Selasa, 12 Oktober 2021 – 10:20 WIB

Wanda Hamidah. (Foto: Instagram/wandahamidah)

Wanda Hamidah. (Foto: Instagram/wandahamidah)

JAKARTA, REQnews - Politisi Partai NasDem Wanda Hamidah mencurahkan keluh kesahnya melalui akun Instagram lantaran merasa ditipu pihak asuransi.  Unggahan berlatar hitam polos pada Minggu, 10 Oktober 2021 itu kebanjiran lebih dari 7.000 komentar memantik keprihatinan sejumlah selebritas dan mendapat serangan balik para agen asuransi.

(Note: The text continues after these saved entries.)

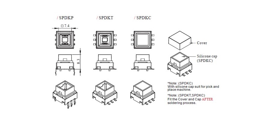 SPDK是SPD系列其中一款,它的作動鈕是SPD系列中最小的尺寸,正方形7.4×7.4mm,只可搭配專屬帽蓋與擴散片,請從HOW TO ORDER中選。它有插件腳(TH)和貼片式(SMD)兩種端子腳型式。
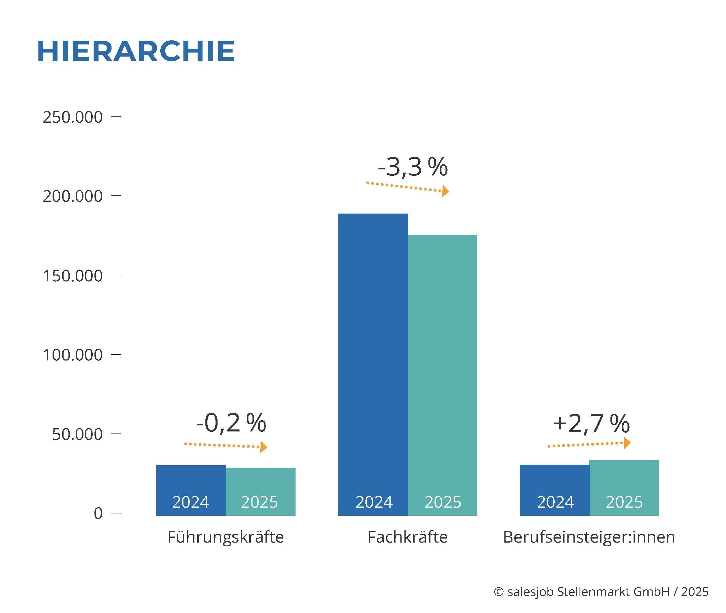 Während die Zahl der Ausschreibungen für Berufseinsteiger leicht um 2,7 % auf rund 28.500 Positionen anstieg, blieb der Markt für Führungskräfte nahezu stabil (-0,2 %; über 27.000 Stellen). Das größte Minus entfiel auf Fachkräfte, deren Nachfrage um 3,3 % auf gut 178.700 Positionen sank.
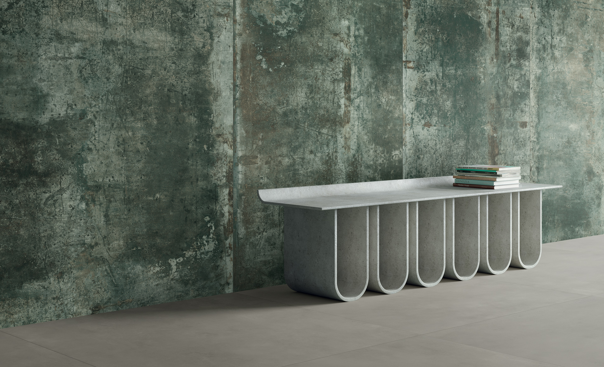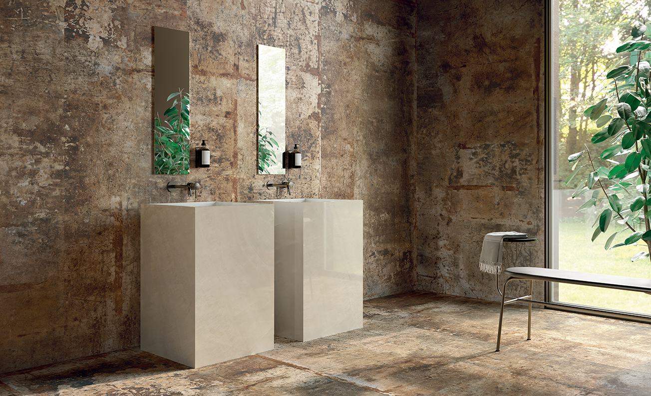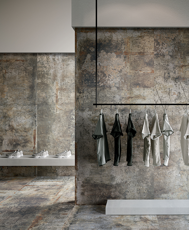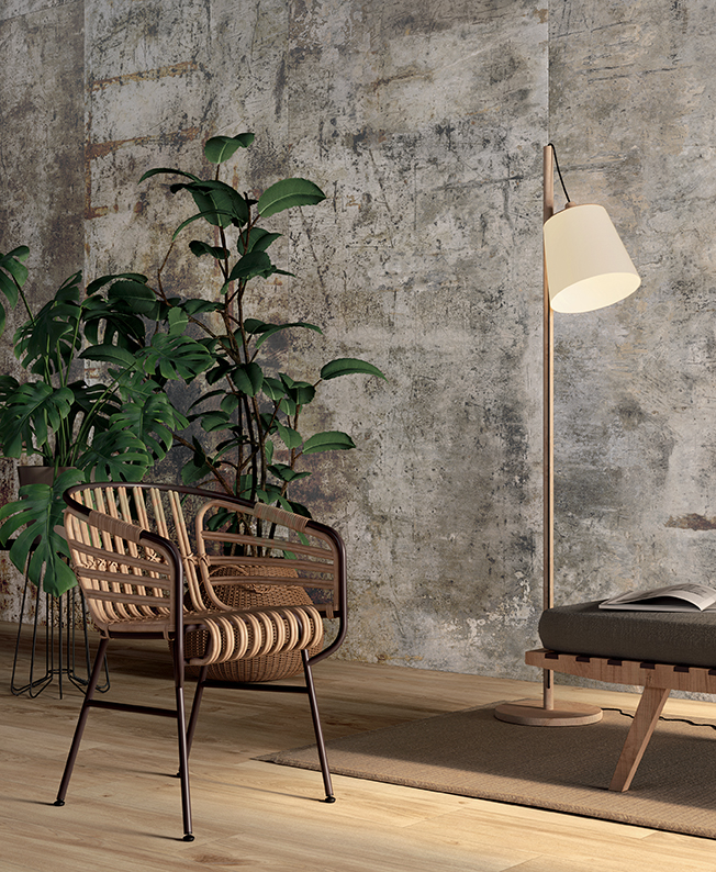 Marks, scratches and imperfections instinctively move across cement-effect surfaces, as if to tell an intricate story that diffuses an aesthetic wealth of creative energy into the environment.
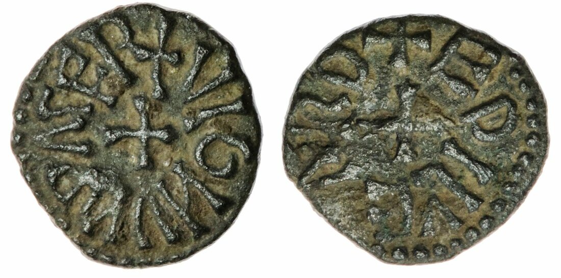 (x) Northumbria, Archbishop Wigmund (c. 837-849/50), Styca, Phase IIc, Edilweard, +VIGMVND AREP, rev. +EPILVEARD retrograde, 0.95g, 9h (Abramson 1054-1056; North 196; Spink 870), deposits in recesses, otherwise about very fine
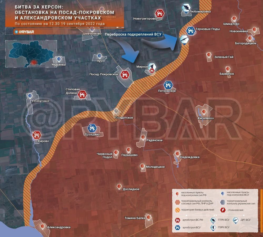После нескольких провальных попыток штурма позиций ВС РФ существенных изменений в обстановке на линии фронта нет. Подразделения ВСУ перешли к позиционной обороне и восстановлению боеспособности, ведётся переброска подкреплений и накапливание ударного потенциала. На линии соприкосновения продолжаются артиллерийские дуэли.
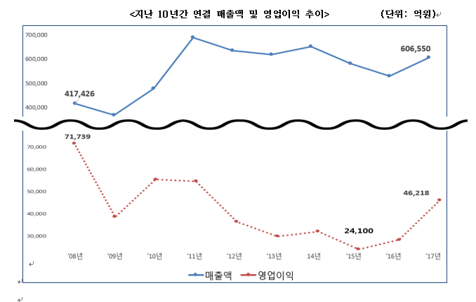 포스코는 2017년 구조조정 마무리와 동시에 3년 만에 연결기준 매출 60조원대에 복귀하는 실적 달성했다. 연결 기준 매출액 60조 6,551억원, 영업이익 4조 6,218억원, 순이익 2조9,735억원을 기록했다.
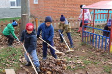 Осень – пора листопада. Поэтому необходимо было убрать опавшие листья на участке. Дети подготовительной группы №1 с удовольствием взялись за дело, как только у них в руках оказались грабли. Все старались, и на участке образовались несколько больших куч собранных листьев.
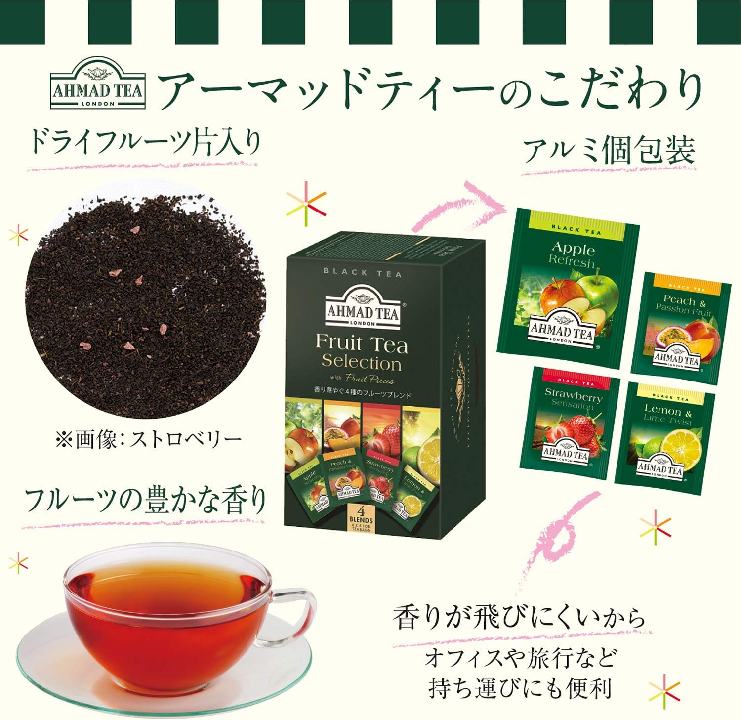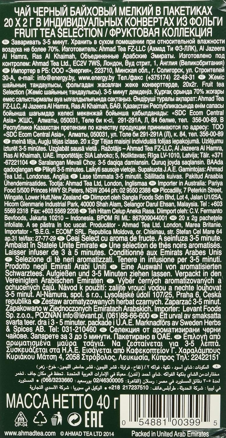 ahmad tea アーマッドティー フルーツセレクション ティーバッグ 20袋 3個 アソート アップル レモン ライム ピーチ パッションフルーツ ストロベリー

Wanda Hamidah meladeni serangan balik karena merasa telah membayar premi asuransi kesehatan namun tak mendapat manfaat.

“Diserang agen karena priuk nasinya terancam. Nah kalian pikirin enggak, priuk nasi kami, client. (Uang) yang kami sisihkan buat bayar asuransi bertahun-tahun, dengan harapan kami mendapatkan perlindungan yang sesuai dengan yang kami keluarkan?” tulis Wanda Hamidah di Instagram Stories, pada Senin, 11 Oktober 2021.

Wanda Hamidah mengatakan, diterpa gelombang protes dari sejumlah pihak yang merasa dipojokkan gegara komplain di media sosial (medsos). Mereka minta Wanda Hamidah tak menyalahkan perusahaan asuransi.

Unggahan Insta Stories Wanda Hamidah

“Jangan salahin perusahannya Bu, agennya yang nakal,” ia mengutip salah satu protes yang dilontar kepadanya. Lagi-lagi Wanda Hamidah punya jawaban sendiri untuk yang satu ini.

Wanda mempertanyakan siapa pihak yang merekrut agen dan menyusun pasal-pasal perjanjian untuk disodorkan kepada nasabah.

“Lah yang rekrut agen siapa? Kontrak/ perjanjian kan perusahaan yang bikin. Ya masa, agen? Jago banget agen bikin kontrak ngejelimet gitu,” ujar mantan politisi PAN itu.

Untuk informasi, polemik Wanda Hamidah dengan pihak asuransi bermula ketika salah satu anaknya, Malakai Ali Schuldt Hadi, mengalami cedera saat berolahraga dan terancam tak bisa kembali ke lapangan.

Dokter merekomendasikan operasi lutut untuk mempercepat pemulihan dengan biaya sekitar 60 juta rupiah. Namun, asuransi hanya mau mengkover 10 juta rupiah.